If you prefer to keep your clothes on, skip the hippies (somewhat) and grab a bite with a view at another Big Sur icon: Nepenthe Restaurant, 20 km north of Esalen and a favourite for travellers since 1949. Owned by the same family for more than six decades, the views—courtesy of big wooden tables positioned perfectly to breathe in the Pacific below—are unsurpassed. Lunch is at 11:30 a.m. and dinner, with some of the best sunsets in the Golden State, starts at 5 p.m. For a more formal meal, Ventana Inn and Spa, just a few minutes up the road, serves local fare in local surroundings—all polished logs, river stones and windows. The 243-acre property is probably the poshest resort en route with Japanese hot baths and a sprawling spa—some rooms even come with a fireplace and hot tub.
Coast with the Most
To either end the day—or start it off in true Big Sur style—keep your eyes open for Julia Pfeiffer Burns State Park about 15 km past the Ventana Inn, where more than 2,100 acres of coastal redwood-forested mountains await. Even if you’re spent, make sure to hike the trail to the 25-metre-tall McWay Waterfall. Just a bit past that, in the Los Padres National Forest, an unmarked road (technically Sycamore Canyon Road) plunges into the coastal forest west towards Pfeiffer Beach, a raw, enormous mash-up of sand dunes, windblown cypress trees and jutting rock faces worth a couple of hours of beachcombing.
Big Sur City
The biggest settlement on the entire drive is the village of Big Sur itself, which hugs the eponymous river and sits in a lush valley of giant trees.
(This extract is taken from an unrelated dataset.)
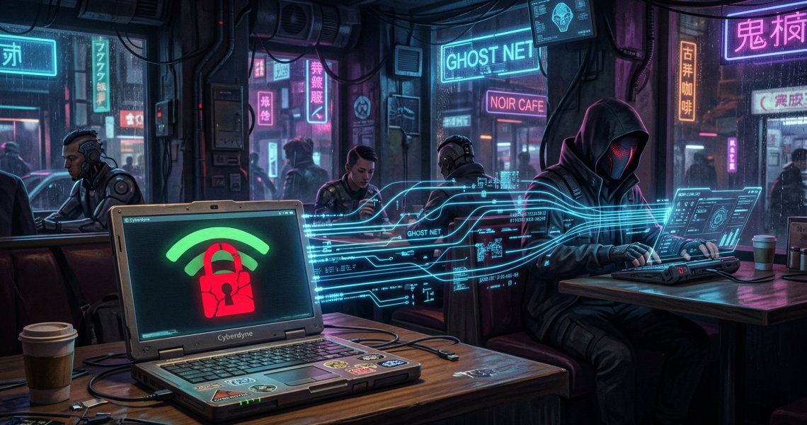 Bon, vous connaissez la théorie du travailleur nomade… vous vous posez dans un café avec votre laptop, vous chopez du WiFi gratuit, et vous vous dites que l’isolation client du routeur vous protègera des autres branquignols connectés au même réseau.

Tiny markets, simple restaurants and a handful of rustic hotels keep the 1,000 or so residents happy and keen to share their forest kingdom with visitors.
The Last 50 km
The canopy gradually thins and sheer rock faces give way to at least a half-dozen parks and reserves that do their best to coax you off the road as you cross Bixby Creek Bridge (which itself is an engineering marvel). Soon after, you’ll loosen the grip on the wheel as you hit the bluffs closer to Carmel-by-the-Sea and its fiercely proud famous residents ranging from Clint Eastwood to Brad Pitt. If you can resist the wide, empty beaches, flower meadows and poetic lighthouses, then the north part of Big Sur is easily done as a day trip from Carmel and Monterey—even in the outside lane.